Stored entries
|---|

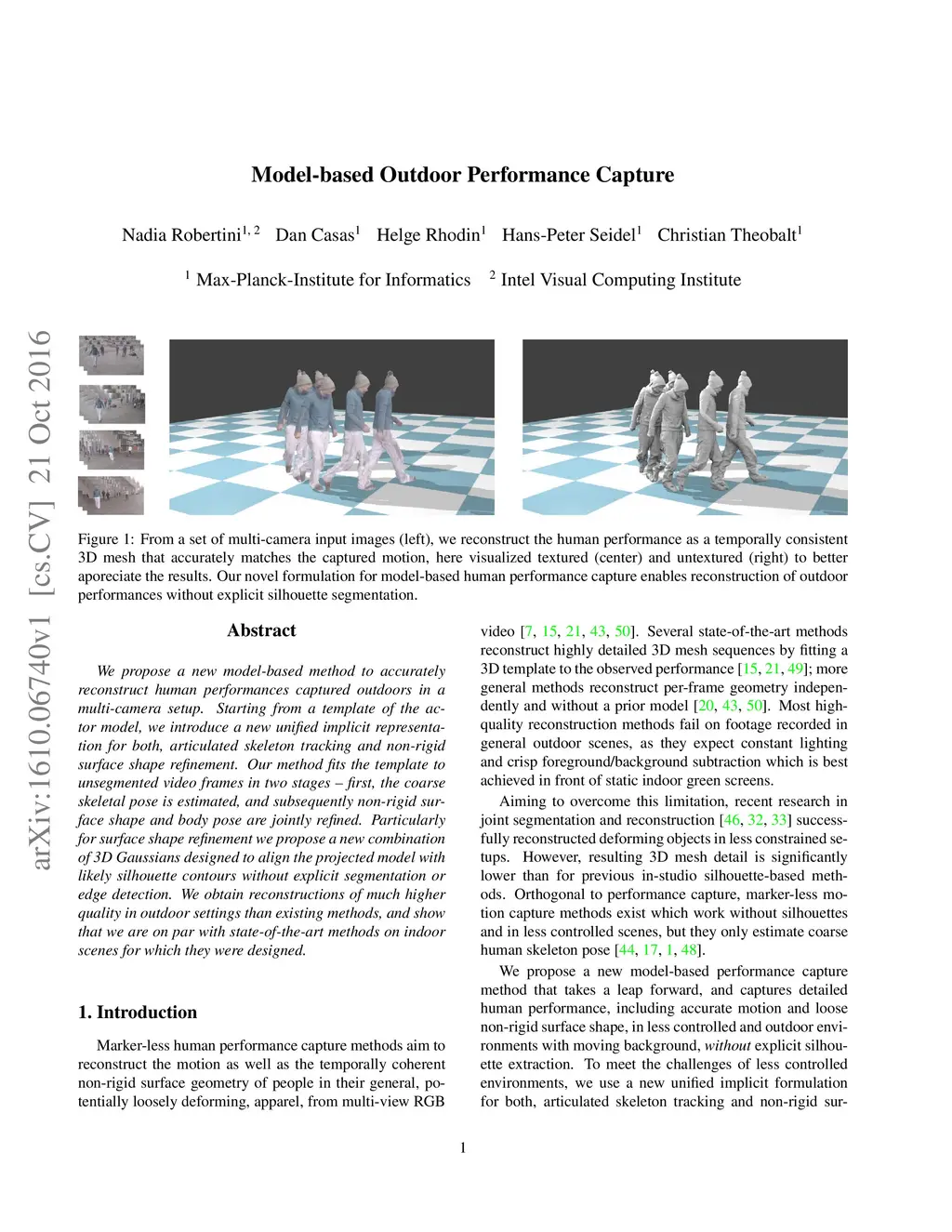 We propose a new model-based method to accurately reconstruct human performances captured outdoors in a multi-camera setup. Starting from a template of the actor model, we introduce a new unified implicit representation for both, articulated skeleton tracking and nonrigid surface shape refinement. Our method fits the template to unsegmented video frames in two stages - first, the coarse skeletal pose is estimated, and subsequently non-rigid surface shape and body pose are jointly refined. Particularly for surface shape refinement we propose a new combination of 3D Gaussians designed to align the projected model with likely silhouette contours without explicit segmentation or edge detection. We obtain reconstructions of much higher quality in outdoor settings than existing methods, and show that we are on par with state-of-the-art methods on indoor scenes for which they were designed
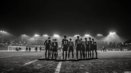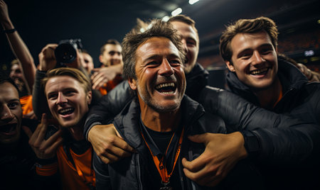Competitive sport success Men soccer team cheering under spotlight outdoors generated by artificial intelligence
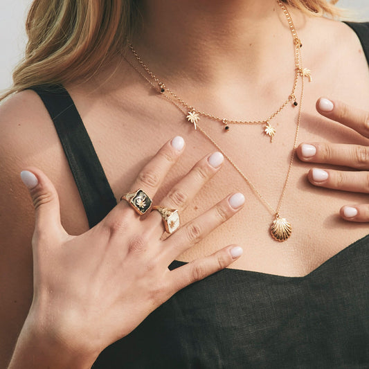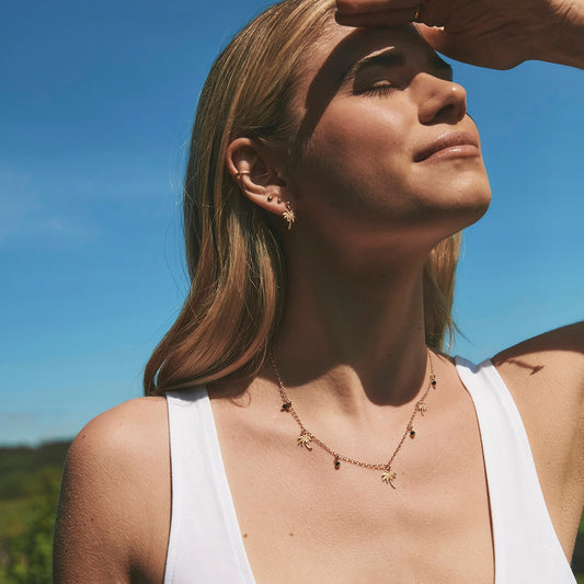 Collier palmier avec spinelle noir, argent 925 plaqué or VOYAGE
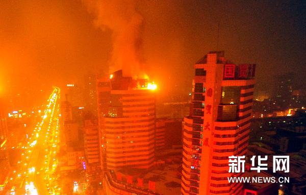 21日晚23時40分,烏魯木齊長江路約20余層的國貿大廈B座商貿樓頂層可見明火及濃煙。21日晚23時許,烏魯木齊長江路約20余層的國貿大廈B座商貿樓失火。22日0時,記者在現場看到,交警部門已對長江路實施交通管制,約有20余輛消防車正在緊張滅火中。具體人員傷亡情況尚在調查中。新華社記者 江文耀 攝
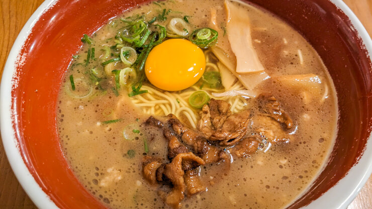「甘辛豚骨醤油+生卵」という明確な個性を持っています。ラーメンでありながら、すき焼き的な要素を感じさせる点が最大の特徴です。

|---|

=== WHAT TO DO ===
In the copy, no picture may appear; the records themselves must be output exactly.

=== RESULT OF THIS TASK ===
 We propose a new model-based method to accurately reconstruct human performances captured outdoors in a multi-camera setup. Starting from a template of the actor model, we introduce a new unified implicit representation for both, articulated skeleton tracking and nonrigid surface shape refinement. Our method fits the template to unsegmented video frames in two stages - first, the coarse skeletal pose is estimated, and subsequently non-rigid surface shape and body pose are jointly refined. Particularly for surface shape refinement we propose a new combination of 3D Gaussians designed to align the projected model with likely silhouette contours without explicit segmentation or edge detection. We obtain reconstructions of much higher quality in outdoor settings than existing methods, and show that we are on par with state-of-the-art methods on indoor scenes for which they were designed
Competitive sport success Men soccer team cheering under spotlight outdoors generated by artificial intelligence
 Collier palmier avec spinelle noir, argent 925 plaqué or VOYAGE
 21日晚23時40分,烏魯木齊長江路約20余層的國貿大廈B座商貿樓頂層可見明火及濃煙。21日晚23時許,烏魯木齊長江路約20余層的國貿大廈B座商貿樓失火。22日0時,記者在現場看到,交警部門已對長江路實施交通管制,約有20余輛消防車正在緊張滅火中。具體人員傷亡情況尚在調查中。新華社記者 江文耀 攝
「甘辛豚骨醤油+生卵」という明確な個性を持っています。ラーメンでありながら、すき焼き的な要素を感じさせる点が最大の特徴です。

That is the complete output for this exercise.